= Ali ibn Abi Bakr al-Harawi =

Persian traveller and poet (d. 1215)

Ali ibn Abi Bakr al-Harawi (d. 1215)—also known as Abu al-Hasan and Ali of Herat—was a 12th and 13th century Persian traveller originally from Herat, Afghanistan.

==Biography==
Abū al-Ḥasan ʻAlī ibn Abū (or Abī) Bakr al-Harawī was born in Mosul. Al-Harawi travelled the Islamic world and died in Aleppo, Syria in a fort built for him.

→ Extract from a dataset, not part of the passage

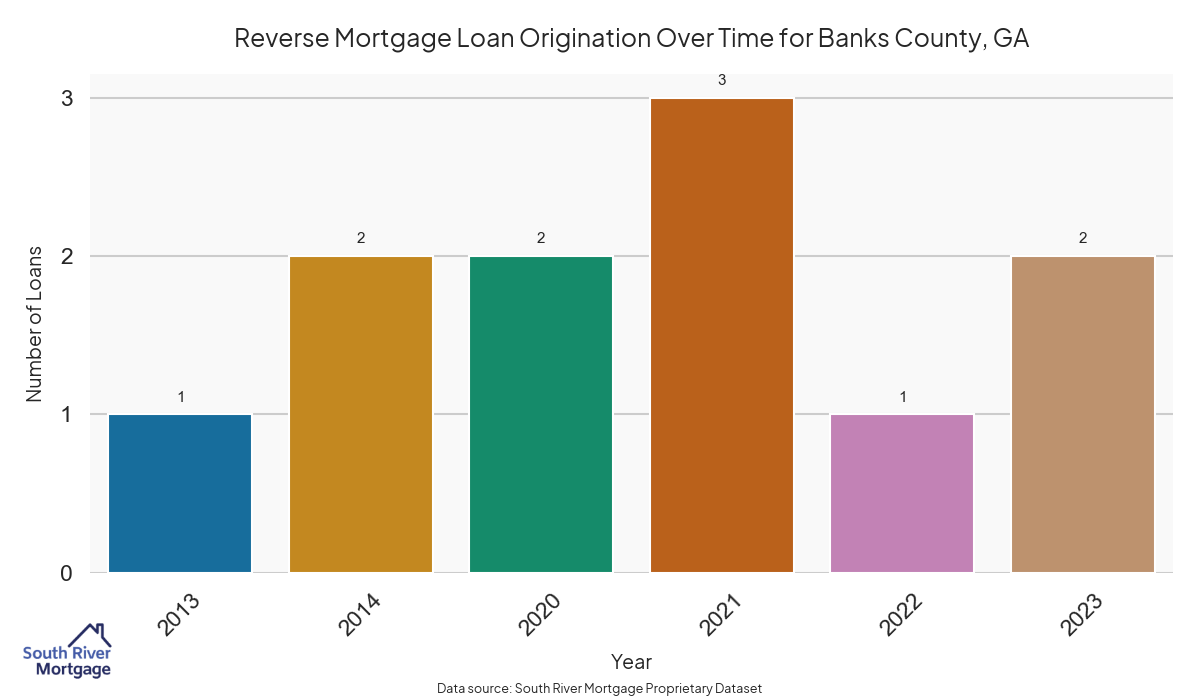 In 2024, there were 11 active reverse mortgage loans in Banks County, Georgia. The average home value in Banks County is $400,538.45.

The celebrated traveller came from a family from Herat. Ibn Khallikan noted: "There was neither sea nor land, plain nor mountain, to which access could be obtained, which he had not seen; and in every place to which he went, he wrote his name upon the walls, as I myself have observed in all the cities which I visited, and their number is certainly very great. To this he was indebted for his reputation and his name as a traveller became proverbial."

== Graffiti ==
The scholar al-Mundhri noted: "He used to write 'his name' on walls (graffiti) and there was hardly a well known place of a city or otherwise save that it will have his hand writing on it." He is the first known graffiti artist (wrote many inscriptions) in the Muslim world.

== Epitaph ==
He asked that the following epitaph be written on his tombstone: "Lived as a stranger, died a loner, no friend to eulogize him, no beloved to weep over him, no family to visit him, no brothers to visit his grave, no offspring to call on him, no wife to mourn over him, I have trod where no one has, walked into towns, travelled the high seas, seen many ruins, travelled to many cities, lived among people, I did not meet a true friend, or found agreement from a comrade, so whoever reads this inscription let him not be bedazzled by anyone."

== Magic ==
Ibn al-Wardi mentioned that he dabbled in natural magic (legerdemain and phantasmagoria), talisman and sleight of hand.

== Influence ==
Saladin's son was fond of him and had great regard for him and built a fort for him in Aleppo.

== Works ==
He authored:
- Kitab al-ishara ila ma`rifat al-ziyara (Book of indications to make known the places of visitations),
- Kitab al-khutab al-Harawia (Book of sermons by al-Harawi),
- al-Tadhkira al-Harawiya fi al-hiyal al-harabiya (al-Harawi's admonition regarding war stratagems).

==Sources==
- al-Harrawi, Abu Hasan Ali b Abi Bakr. 1957. Guide des lieux de pelerinage (Kitab al-Isharat ila ma’rifat al-ziyarat). Ed. and Trans. S. Thoumine. Damascus: Ma’had al-faransi bi Dimshaq.
- Ibn Khallikan, Wafayat al-A'yan. English translation by M. De Slane, ed. S. Moinul Haq, Kitab Bhavan. New Delhi, 1996. 3:342-4.
- al-Zirkali, al-A`lam [Biographical Dictionary]. Beirut: Dar al-Ilm li-malayin, 15th printing, 2002. 4:266.
- Meri, J. 2005. Lonely Wayfarers Guide to Pilgrimage: Ali ibn Abi bakr al-Harawi’s Kitab al-Isharat ila ma rifat al-Ziyarat. Studies in Late Antiquity and Islam. Princeton, NJ: Darwin Press.